### WORK TASK
Repeat the records below exactly from the line containing "strap., Plaque buckle with engraved logo." to the line containing "Вся мебель изготовлена", taking in both of those lines. Drop the pictures.
** DATA SHOWN follows **
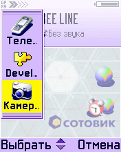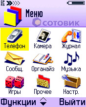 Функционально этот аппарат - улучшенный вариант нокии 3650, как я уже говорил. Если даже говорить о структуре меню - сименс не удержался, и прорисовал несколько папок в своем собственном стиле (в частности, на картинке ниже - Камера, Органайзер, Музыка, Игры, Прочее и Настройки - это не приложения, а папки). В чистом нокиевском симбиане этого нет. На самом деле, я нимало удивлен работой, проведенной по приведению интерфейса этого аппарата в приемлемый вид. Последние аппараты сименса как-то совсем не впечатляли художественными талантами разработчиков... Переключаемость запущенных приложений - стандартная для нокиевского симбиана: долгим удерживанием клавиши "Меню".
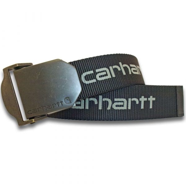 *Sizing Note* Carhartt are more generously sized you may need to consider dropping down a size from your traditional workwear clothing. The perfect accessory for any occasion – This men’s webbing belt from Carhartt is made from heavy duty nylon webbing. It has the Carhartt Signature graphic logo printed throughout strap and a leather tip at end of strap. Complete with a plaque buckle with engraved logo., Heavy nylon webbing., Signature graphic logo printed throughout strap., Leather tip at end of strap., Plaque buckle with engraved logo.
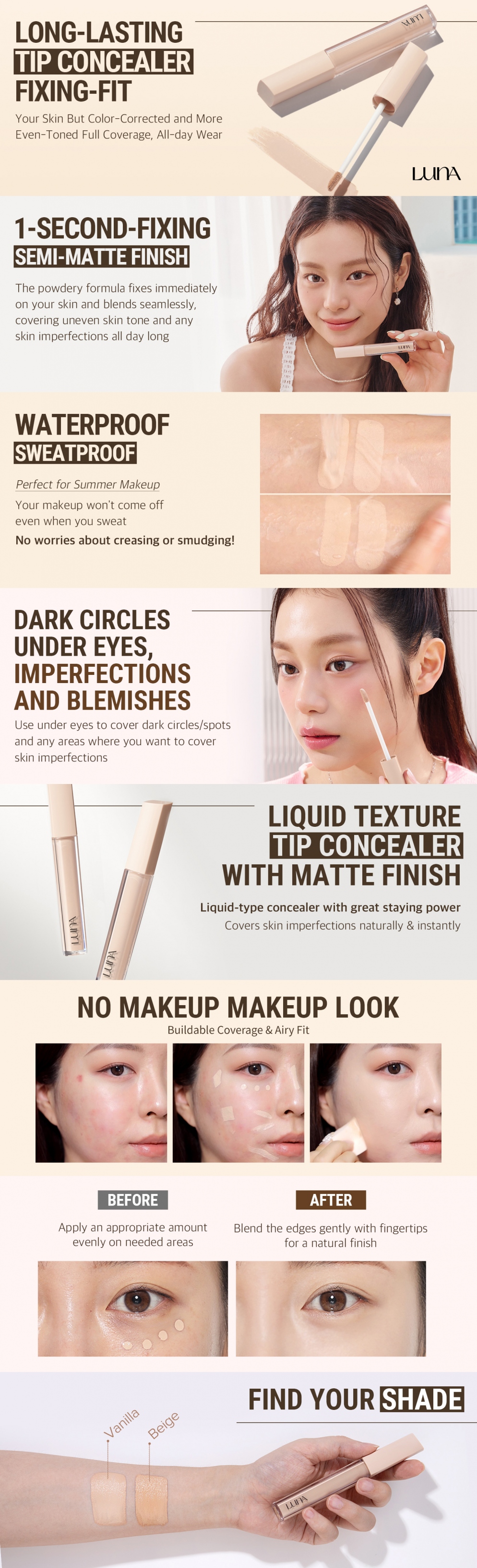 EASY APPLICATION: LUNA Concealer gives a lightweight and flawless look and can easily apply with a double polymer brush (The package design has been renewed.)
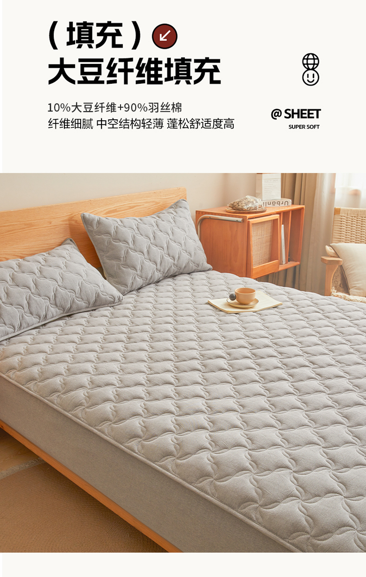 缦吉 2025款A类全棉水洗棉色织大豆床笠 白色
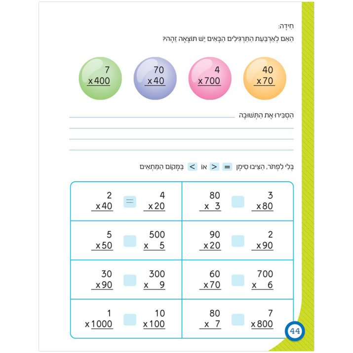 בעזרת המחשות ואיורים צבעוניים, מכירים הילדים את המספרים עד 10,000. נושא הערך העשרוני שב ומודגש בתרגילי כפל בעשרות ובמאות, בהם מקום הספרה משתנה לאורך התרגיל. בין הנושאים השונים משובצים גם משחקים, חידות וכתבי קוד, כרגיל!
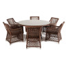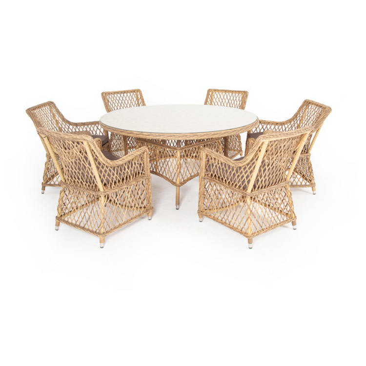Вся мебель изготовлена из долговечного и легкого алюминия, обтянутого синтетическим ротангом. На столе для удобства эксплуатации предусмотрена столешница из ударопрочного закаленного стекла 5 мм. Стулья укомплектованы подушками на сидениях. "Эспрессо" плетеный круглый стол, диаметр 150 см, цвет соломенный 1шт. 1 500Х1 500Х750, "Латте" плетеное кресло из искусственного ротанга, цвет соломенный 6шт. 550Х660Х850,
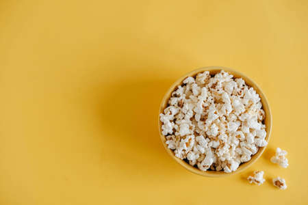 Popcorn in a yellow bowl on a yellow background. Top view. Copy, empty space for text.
** End of DATA SHOWN **
### RESULT FOR THIS EXERCISE
 *Sizing Note* Carhartt are more generously sized you may need to consider dropping down a size from your traditional workwear clothing. The perfect accessory for any occasion – This men’s webbing belt from Carhartt is made from heavy duty nylon webbing. It has the Carhartt Signature graphic logo printed throughout strap and a leather tip at end of strap. Complete with a plaque buckle with engraved logo., Heavy nylon webbing., Signature graphic logo printed throughout strap., Leather tip at end of strap., Plaque buckle with engraved logo.
 EASY APPLICATION: LUNA Concealer gives a lightweight and flawless look and can easily apply with a double polymer brush (The package design has been renewed.)
 缦吉 2025款A类全棉水洗棉色织大豆床笠 白色
 בעזרת המחשות ואיורים צבעוניים, מכירים הילדים את המספרים עד 10,000. נושא הערך העשרוני שב ומודגש בתרגילי כפל בעשרות ובמאות, בהם מקום הספרה משתנה לאורך התרגיל. בין הנושאים השונים משובצים גם משחקים, חידות וכתבי קוד, כרגיל!
Вся мебель изготовлена из долговечного и легкого алюминия, обтянутого синтетическим ротангом. На столе для удобства эксплуатации предусмотрена столешница из ударопрочного закаленного стекла 5 мм. Стулья укомплектованы подушками на сидениях. "Эспрессо" плетеный круглый стол, диаметр 150 см, цвет соломенный 1шт. 1 500Х1 500Х750, "Латте" плетеное кресло из искусственного ротанга, цвет соломенный 6шт. 550Х660Х850,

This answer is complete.